Не существует какой-то одной причины, объясняющей необыкновенно возросший за последние двадцать лет интерес к дзэну со стороны Запада. Здесь все: и близость искусства дзэн к духу западного модернизма, и работы Судзуки, и война с Японией, и непреходящее очарование дзэнских «коротких рассказов», и привлекательность неконцептуальной, опытной философии на общем фоне научного релятивизма. Можно также было бы указать на то, что существует много общего между дзэном и такими чисто западными направлениями, как философия Витгенштейна, экзистенциализм, общая семантика, металингвистика Уорфа, а также – определенными движениями в философии науки и психотерапии. Как правило, в глубине души мы ощущаем неясное беспокойство по поводу искусственности или «противоестественности» как христианства с его разумно упорядоченной космологией, так и технического прогресса с его устойчивой тенденцией механизировать природный мир и отчуждением человека от этого мира. Как то, так и другое представляют собой тот тип психологии, согласно которой человек тождественен сознательному разуму и находится за пределами природы, управляя ею, подобно Богу-творцу, по чьему образу и подобию и создан сам человек. Беспокойство возникает от смутной догадки, что упорядочение мира извне – это порочный круг, вращаясь в котором мы навечно обречены управлять нашим управлением и наблюдать за нашим наблюдением, и так до бесконечности.

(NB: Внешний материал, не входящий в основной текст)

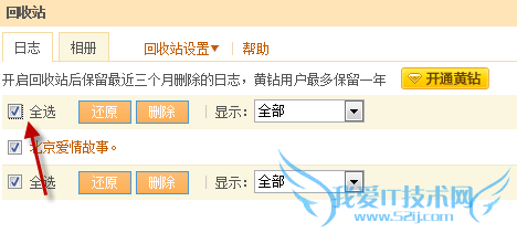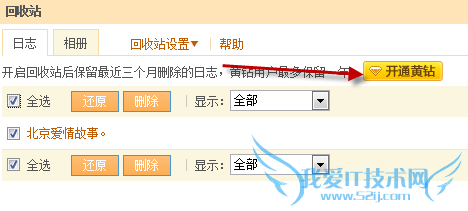 7、如果你是黄钻会员,那么在回收站里看到的说说、日志、相片将是一年内删除的。以后删除说说、日志、相片也会在回收站里保留一年

Для западного человека, ищущего путей воссоединения с природой, заинтересованность дзэном выходит далеко за пределы чисто сентиментального увлечения простотой и естественностью этого учения. Его привлекают пейзажи Ма-Юана или Сессю, творчество которых одновременно и духовное и светское. В нем мистическое выражается посредством обычного, без намека на какое-либо разделение между ними. Здесь нам открывается совершенно новый взгляд на мир, способный коренным образом преобразить всю нашу культуру, где духовное и материальное, сознательное и бессознательное безнадежно расколоты. Именно по этой причине китайский гуманизм и натурализм дзэн-буддизма интригует нас гораздо сильнее, нежели буддизм индийский или учение веданты. Последние также имеют своих приверженцев на Западе, однако в большинстве своем – это люди христиански ориентированные, ищущие более подходящей философии (нежели христианство с его сверхъестественностью) для продолжения своих – чисто христианских по своей сути – поисков чудесного. В индийском буддизме идеалом человека является некий сверхчеловек, йог, в совершенстве овладевший собственной природой, чей образ в точности совпадает с научно-фантастическим идеалом «человека вне человечества». Но Будда или пробужденный в китайской дзэнской традиции является «обыкновенным человеком» – и никем болеем/Он прост и человечен, подобно странствующим монахам с портретов Му-цзы и Льянг-Кая. Нам нравится этот образ, поскольку здесь мы впервые сталкиваемся с концепцией святого или мудреца, который не только не является кем-то далеким и недостижимым, но, наоборот, полон человечности и совсем непохож на мрачного и бесполого аскета. Более того, то, что в дзэне называется опытом сатори или пробуждением к нашей «изначальной нераздельности» со вселенной, каким бы тонким и неуловимым не было это переживание, всегда находится здесь, рядом.